When does Ohio spiderwort bloom in Florida?

Most often in May. Across 202 dated, research-grade observations of Tradescantia ohiensis in Florida, the flowering season runs roughly January to December.

Peak May In flower 202 Examined 209 State Florida

Flowering 202 in flower of 209 examined

Proportion of examined Tradescantia ohiensis in Florida in flower, by month
Month In flower Examined Share 95% interval
Jan 6 7 86% 49% to 97%
Feb 18 19 95% 75% to 99%
Mar 63 64 98% 92% to 100%
Apr 33 35 94% 81% to 98%
May 13 13 100% 77% to 100%
Jun 13 13 100% 77% to 100%
Jul 12 12 100% 76% to 100%
Aug 2 2 too few examined
Sep 7 7 100% 65% to 100%
Oct 12 13 92% 67% to 99%
Nov 13 14 93% 69% to 99%
Dec 10 10 100% 72% to 100%

Peak flowering in May. Each bar is the share of Tradescantia ohiensis in Florida observations in which someone actually recorded the reproductive state and found the plant in flower, not the raw number of flowering records. That distinction matters: people observe plants far more in spring than in winter, so a bare count of flowering records partly measures when people go outside. Dividing by the number examined removes that. 202 of 209 examined observations were in flower, every one of them research grade. The whisker on each bar is a 95% Wilson interval. One month has fewer than 5 examined observations, so no proportion is drawn for it. This is still a global aggregate and not a forecast for your garden: the same species flowers on different dates in different hemispheres. Where a species has fewer than 30 flowering records we do not draw this chart at all. Computed from 10.15468/dl.wt38fd.
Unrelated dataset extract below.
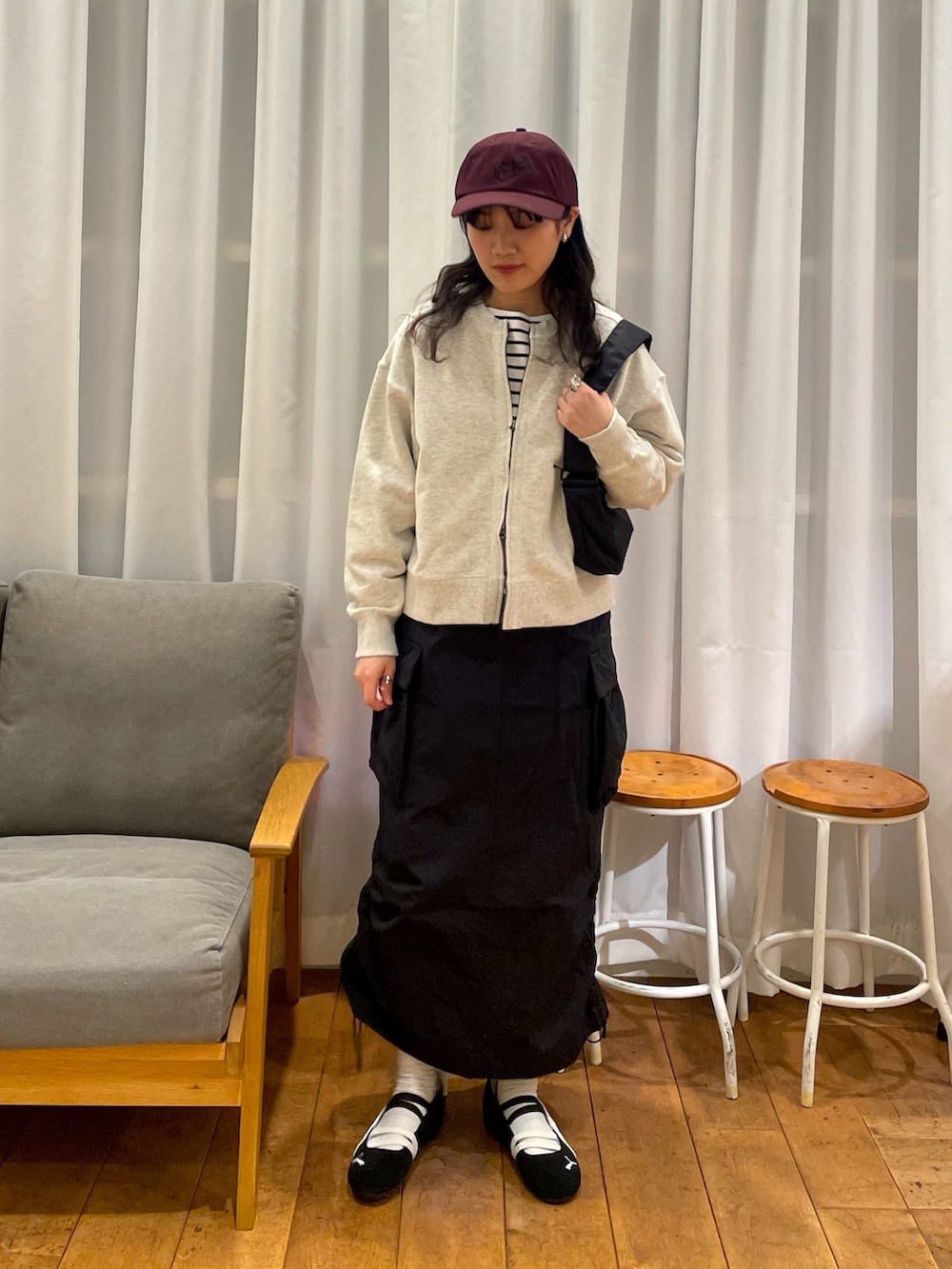 オートミールカラーのスウェットジップカーディガンが春らしい素材感で使いやすいです!

What this is, and what it is not

This is a record of when people in Florida found Tradescantia ohiensis in flower, not a forecast. It is computed only from observations made in Florida, so it is not the species’ global average dragged onto a map: the same plant flowers on different dates in different places, and that is the entire point of the page.

It will not tell you what your particular plant will do this year. Bloom time moves with the season, with altitude, and with the weather, and a warm February pulls everything forward. We publish the distribution and the sample size, and we refuse to draw a month that too few people examined.

The plant

Sourcesevery claim on this page

  1. GBIF (iNaturalist Research-grade Observations). Dated flowering annotations in Florida. Every record achieved iNaturalist quality grade Research, which is applied upstream at export. 10.15468/dl.wt38fd. Retrieved 2026-07-14.
  2. World Flora Online Plant List. The accepted name. CC0. Retrieved 2026-07-12.